Quality and sunset provisions
However, the consent clause is waived for any person who has been accused of a crime that is punishable either by death or by a sentence of more than seven years in prison. If the person is acquitted after a trial, there is no provision in the Bill for her DNA profile to be removed from the databank (unless she submits a letter to the databank director). Although VijayRaghavan specified that her record would be removed automatically upon acquittal, the specification itself is absent in the draft.
(Note: Section 31(1) of the new draft states that “The information contained in the crime scene index [of the databank] shall be retained [forever]”. VijayRaghavan noted that this is a misstatement, and that only the data contained in the offenders’ index will be retained forever.)
A previous draft of the Bill had allowed all DNA testing labs functioning at the time of enactment of the Bill to undertake DNA profiling under its provisions without applying for the necessary accreditation. The new draft has changed his, forcing all labs to apply for the right license with the DNA profiling board within 60 days of the Bill’s enactment. It also caps the total amount any accredited lab can charge for testing any sample under the Bill’s provisions at Rs 25,000. (According to the CDFD, a government lab, it charges Rs 5,000 for testing a blood sample and Rs 10,000 for a ‘forensic exhibit’, such as an item of clothing.)

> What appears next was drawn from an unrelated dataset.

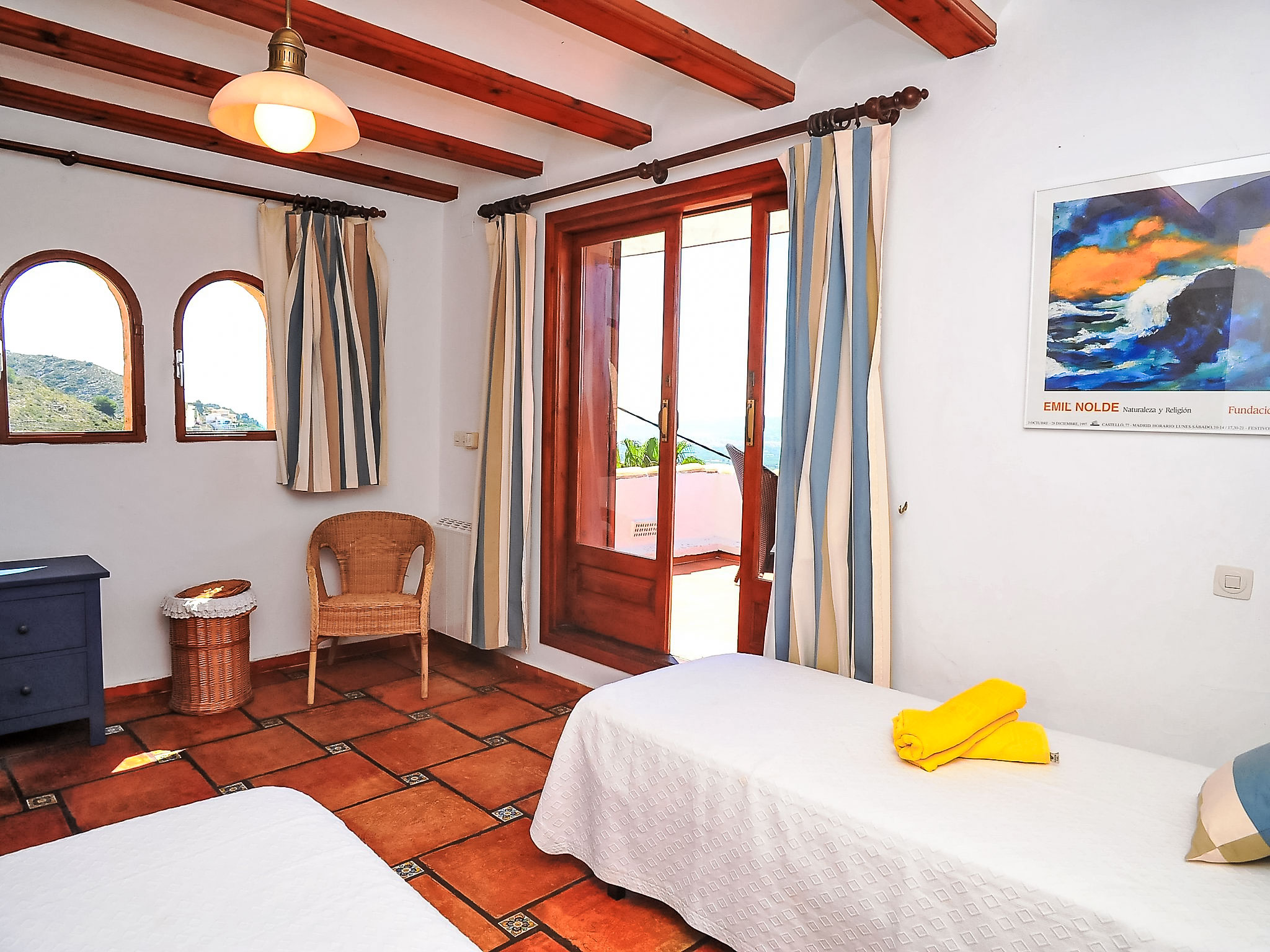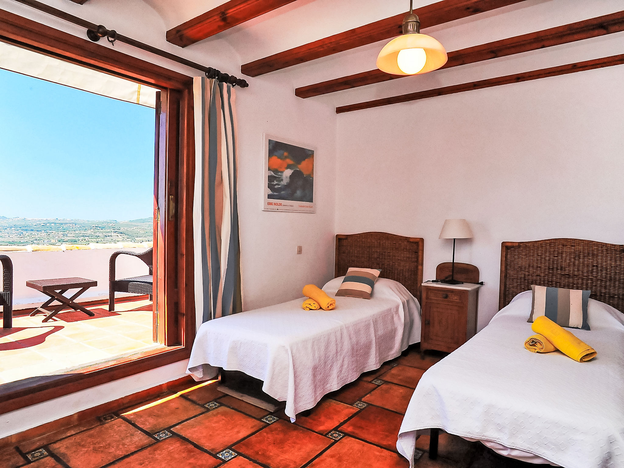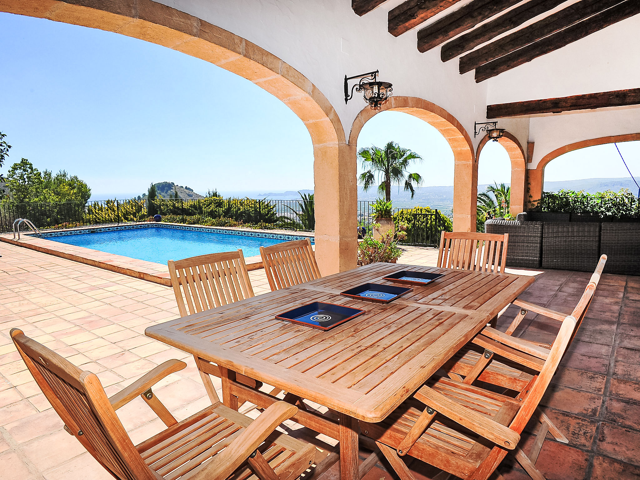 Schönes Einfamilienhaus "Nostra", auf 2 Stockwerken. Im Ortsteil Montgo, ruhige, sonnige Lage am Hang, in einem Wohnquartier, 7 km vom Meer, in einer Sackgasse. Zur Alleinbenutzung: Terrassengarten, 1'800 m2 (eingezäunt) mit Pflanzen, Schwimmbad (5 x 10 m, 01.01.-31.12.) mit Innentreppe. Supermarkt 3 km, Restaurant 2 km, Sandstrand "Arenal" 7 km. Golfplatz (18 Loch) 5 km. Jugendgruppen nur auf Anfrage.

The most stringent penalty among all those specified in the Bill has to do with the manipulation or contamination of DNA samples. According to the text, offenders could be sentenced up to five years in prison and pay a fine of up to Rs 3 lakh. However, the degree of decisiveness of DNA profiling that the Bill endorses requires its provisions to ensure that samples be tested regularly for quality. But the Bill leaves quality control out of its purview: there is no mention of what kind of checks need to be performed, by whom or how often. VijayRaghavan only said that “this will have to be framed in the rules that address the mechanism of collection and analysis of data, ensuring quality and reexamination.”
Finally, the previous two drafts of the Bill lacked a sunset clause, a provision that would force some qualifying records to be removed if they had stayed within the databank for a particular period. Such a clause is missing in the new draft of the Bill as well, although VijayRaghavan said that officials were working on this. “At present, these time periods are not specified in the text, but we expect that in the rules and regulations to be framed, the period for which profiles will be retained for different categories as per the international norms will be specified.”
These international norms were spelt out in the Law Commission report accompanying the draft of the Bill. They include 75 pieces of legislation enacted between 1998 and 2009. They have been drawn from 41 countries around the world, including China (Hong Kong), France, Iran, Portugal, South Africa, the UK and the US.